= Fiona Thornewill =

British explorer

Fiona Thornewill (born 10 July 1966) is an English explorer who reached the South Pole solo and unaided in a record 42 days in 2004, walking and skiing over 700 miles in the process.

==Background==
Born in Upton, Nottinghamshire, England, Fiona was into sports as a child, especially gymnastics, horse-racing and ice-skating. She attended Lowes Wong Junior School in nearby Southwell before going to The Rodney School in Kirklington.

Later, Fiona worked as an administrator for the RAF where she able to gain experience in flying and gliding.
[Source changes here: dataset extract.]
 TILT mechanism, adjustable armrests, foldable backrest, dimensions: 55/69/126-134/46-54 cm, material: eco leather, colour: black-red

She also opened her own gymnasium, but tragedy struck when her husband, Bill, was killed in a road accident.

In 1992, Fiona met her present husband, Mike, who introduced her to outdoor sports such as mountaineering. Mike also had ambitions to cross the South Pole overland, and these plans encouraged Fiona to follow suit.

==Expeditions==
In 2000, Michael and Fiona became the first married couple to reach the South Pole, along with Catherine Hartley.
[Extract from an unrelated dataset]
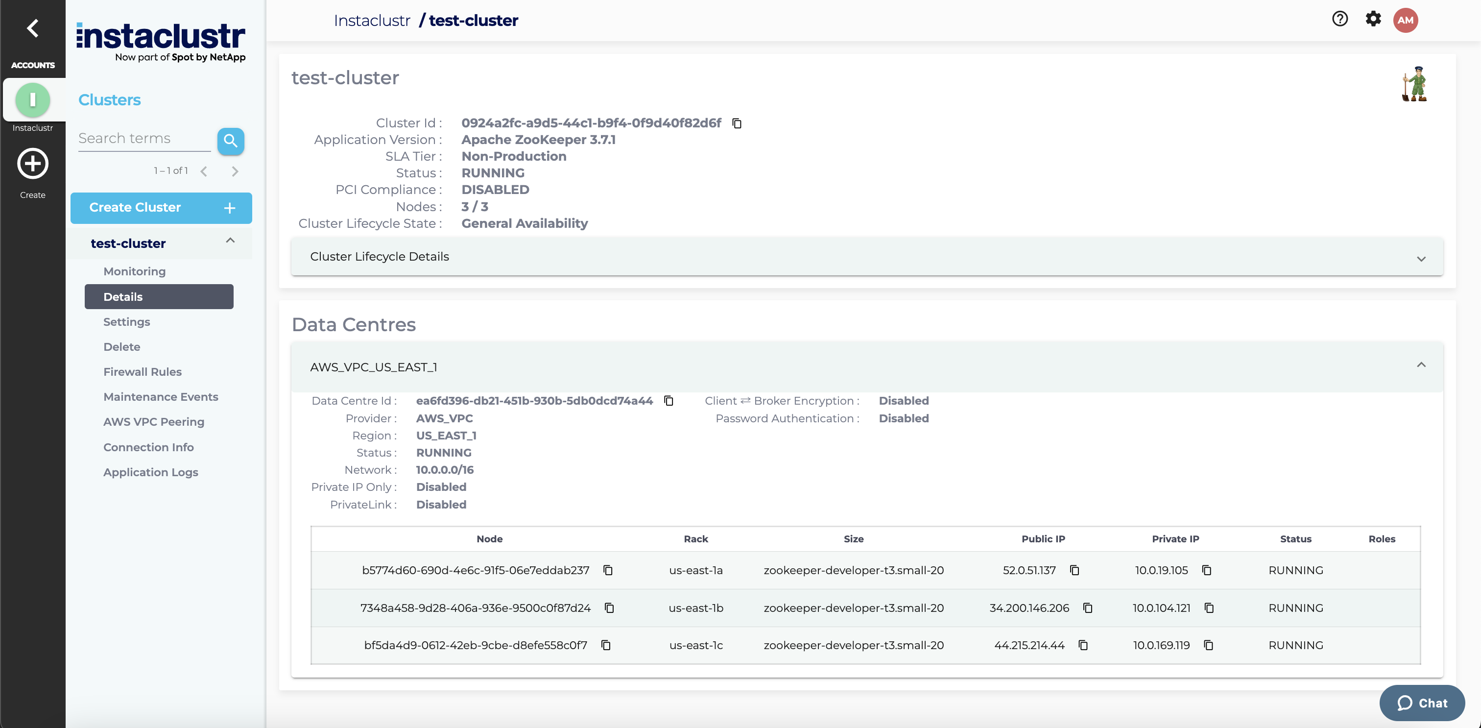 For information on how to provision an Apache ZooKeeper Cluster via the Instaclustr Provisioning API, see Instaclustr Provisioning API page.
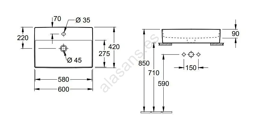 Villeroy & Boch 4A076001 - Lavabo sobre encimera MEMENTO 60x42 cm cerámica/blanco

In 2001, Mike and Fiona set up an expedition to reach the North Pole, raising money for charity in the process. Guiding them was Canadian mountaineer and arctic adventurer Paul Landry. They reached their destination in 56 days.

Fiona's greatest feat came in 2004 though, when from the edge of the continent at Hercules Inlet, she reached the South Pole in 41 days on 10 January, beating her rival Rosie Stancer in the process. The previous record was 44 days, and the previous best for a woman was 50 days – by the Norwegian Liv Arneson. Walking 22 miles a day, Fiona had to pull a sledge weighing 285 pounds, and her success is perhaps even more remarkable considering she lost her satellite navigation system 10 days in. Base camp then had to follow Fiona's mandatory emergency beacon, which showed location, and temperature only, via satellite link.

As news reached home she was congratulated by friends and family, and husband Mike was part of a party racing to meet her on Antarctica.